- DVD cover
- Directed by: Lawrence Huntington
- Screenplay by: Peter Rogers uncredited: Muriel Box Sydney Box
- Based on: an original story by Moie Charles Herbert Victor
- Produced by: Betty E. Box
- Starring: Patricia Roc Rosamund John Bill Owen
- Cinematography: Bryan Langley
- Edited by: Gordon Hales
- Music by: Clifton Parker
- Production company: Gainsborough Pictures
- Distributed by: General Film Distributors
- Release date: 19 November 1947;
- Running time: 78 minutes
- Country: United Kingdom
- Language: English
- Budget: less than £125,000
- Box office: £125,000 (by July 1953)

= When the Bough Breaks (1947 film) =

When the Bough Breaks is a 1947 film directed by Lawrence Huntington and starring Patricia Roc and Rosamund John.

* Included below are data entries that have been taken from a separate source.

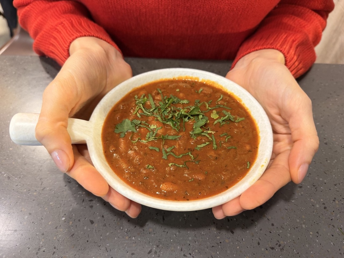 Блюдо подали очень быстро, и спустя семь минут на столе уже стояла горячая порция. С первых же укусов открывается яркость вкусов: томаты, карри, тмин и множество пряностей делают раджму идеальным выбором для холодного времени года. Для любителей фасоли это будет настоящая находка, напоминающая известное грузинское лобио.
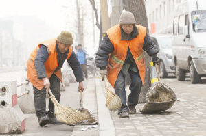 昨日14时30分许,记者来到栗中街,寻了半晌却不见踪影。提及这对环卫夫妻,附近一位扫雪的环卫工人介绍,他们老两口认真负责,“不会临阵脱逃的。”
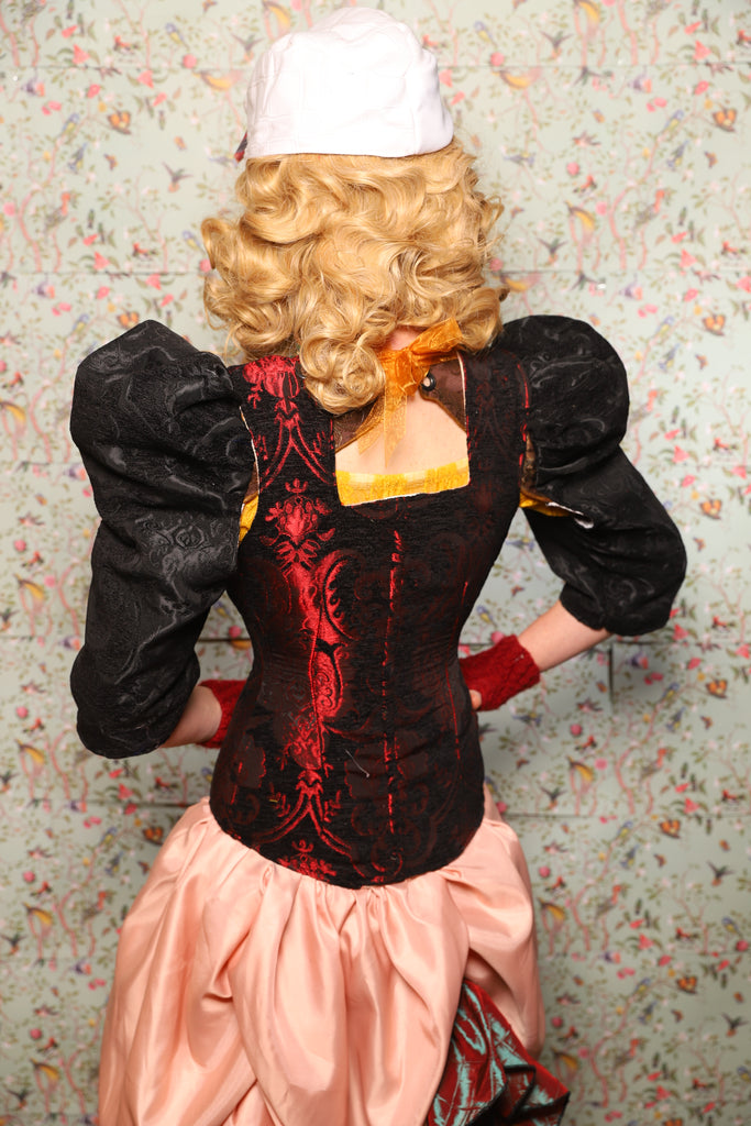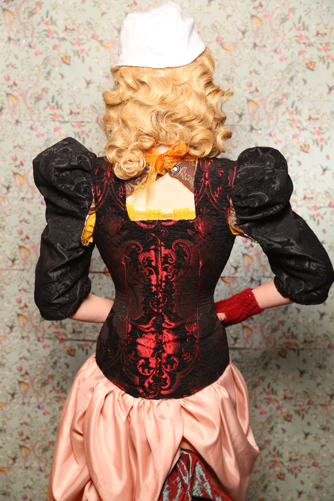 43. Marie Bodice Overbust in Crimson and Black Medallion - March of the Ides Collection
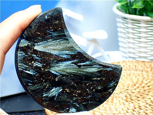 天然石高品質(藍タイチンルチル入り)虎目石原石YT4A3-10A07
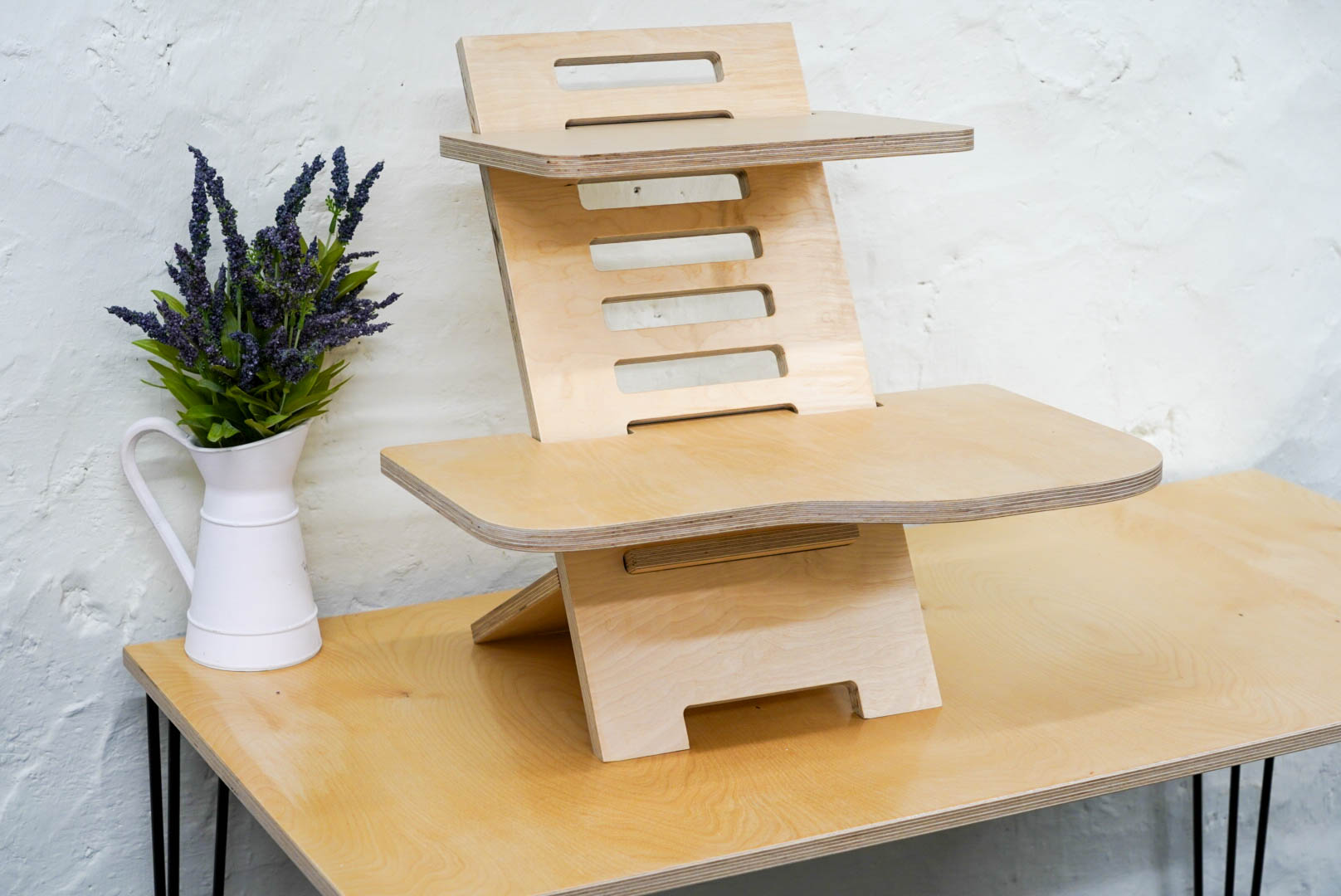 The easy way to convert your desk. Heskie Deskie is handcrafted to be mobile, versatile, strong and stylish. Features: 8 slot ladder for easy height adjustment 2 shelves as standard for your devices (wider shelf version for numerical keypad, or extra space if needed) Strong & smooth 18mm birch plywood material Quick change from sitting to standing ミ shelves simply slot in and out Easy to assemble and pack away. No screws or fixings Sits on your existing desk or work surface at home or work. Stores completely flat Compact - easily fits on your existing desk and folds flat for easy storage (see picture for measurements) Fits most monitor sizes (maximum stand width on top shelf 36cm) Holds the weight of monitors/printer/laptops Available in left or right handed versions Free shipping Heskie products are entirely handmade from start to finish in a small workshop near Ripon. I have over 25 years experience as a carpenter in film and theatre and am focusing all my time on designing and making the perfect standing desk. For me, it is important that the desks look good as an item of furniture, as well as solve an important problem - we weren't designed to sit at a desk all day!
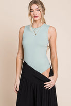 Slim Fitting Scoop Neck Bodysuit - Frosted Sage

It is an adaptation of an original storyline by Herbert Victor on adoption and the competing ties of one child's birth and foster family.

==Plot==
After learning that her husband is a bigamist who already had a wife, new mother Lily Gardner (Patricia Roc) resolves to raise her baby, Jimmy, on her own under her maiden name of Lily Bates rather than give him up for adoption. Each day Lily leaves Jimmy at a day nursery while she works as a shopgirl at a department store, and then cares for Jimmy herself at night. Frances Norman (Rosamund John), a middle-class married woman who works at the day nursery to be around children after losing her own baby, is drawn to Jimmy. When Lily, under stress from her demanding schedule, becomes ill with flu, Frances persuades Lily to let her and her husband look after Jimmy temporarily. When Lily recovers, she visits Jimmy at the Normans' comfortable home. Seeing that Jimmy is happy and is receiving better food and care than she was able to manage, Lily agrees to let the Normans raise Jimmy, although she refuses to sign any legal document formally allowing them to adopt Jimmy. Lily eventually gives up on staying in touch with the Normans and drops out of Jimmy's life, although she misses him. The Normans do not tell Jimmy he is adopted and he regards them as his parents.

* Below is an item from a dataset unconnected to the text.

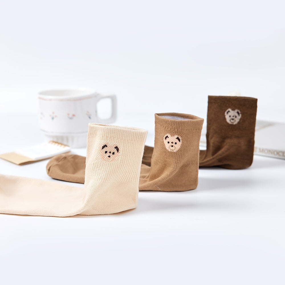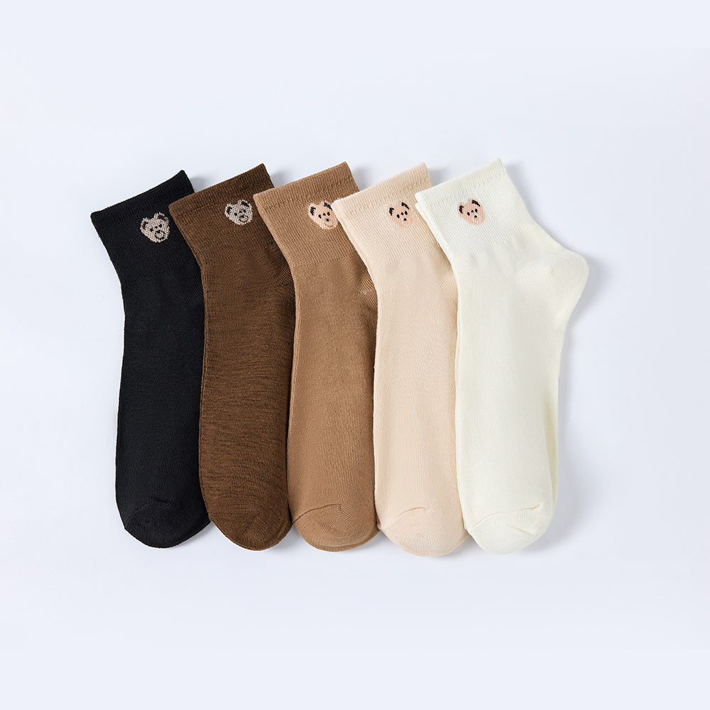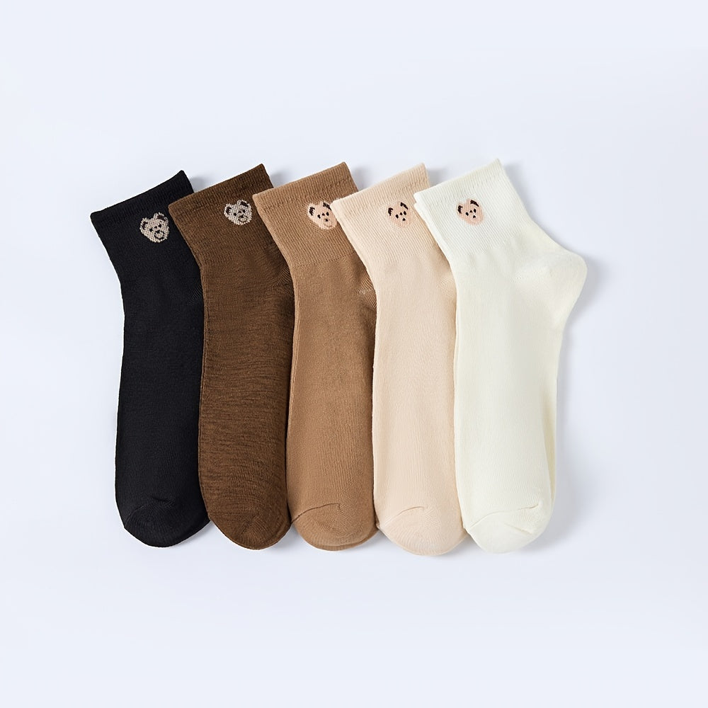 5 Pairs Soft Teddy Bear Socks, Crew Length Sock Pack

Eight years pass, during which time Lily rises to the level of manager at the department store and falls in love with a kind shopkeeper, Bill Collins (Bill Owen), who marries her and is willing to accept Jimmy as his own. Lily visits the Normans to reclaim Jimmy, now that she has the resources to take care of him, but the Normans refuse to give him up since Lily has not been part of Jimmy's life and he does not know he is not the Normans' natural child. A legal battle ensues, and the court awards custody of Jimmy to Lily due to the lack of any formal adoption agreement. Jimmy goes to live with Lily and Bill, but has trouble adjusting to life in a working-class household, and runs away in an attempt to return to the Normans, whom he considers his true "mummy and daddy". Bill, seeing that Jimmy is unhappy, persuades Lily to let him return to the Normans. Lily and Bill then have a baby of their own and are shown happily celebrating his birthday, while Jimmy celebrates his birthday with the Normans.

==Cast==
- Patricia Roc as Lily Bates
- Rosamund John as Frances Norman
- Bill Owen as Bill Collins
- Brenda Bruce as Ruby Chapman
- Patrick Holt as Robert Norman
- Cavan Malone as Jimmy
- Leslie Dwyer as George
- Sonia Holm as Nurse
- Torin Thatcher as Adams
- Catherine Lacey as Almoner
- Edith Sharpe as Matron
- Noel Howlett as Judge

==Production==
The film was the second in four films produced by Betty Box for Gainsborough with a total budget of £600,000. The first was Dear Murderer.

It was less glamorous than the typical Gainsborough melodrama, with no outfit worn by Patricia Roc costing more than £5. Roc played a working class role.

The house featured in the film was based on the real life house of Sydney Box.

==Reception==
The film received negative reviews. However it was popular and made a profit. Trade papers called the film a "notable box office attraction" in British cinemas in 1948.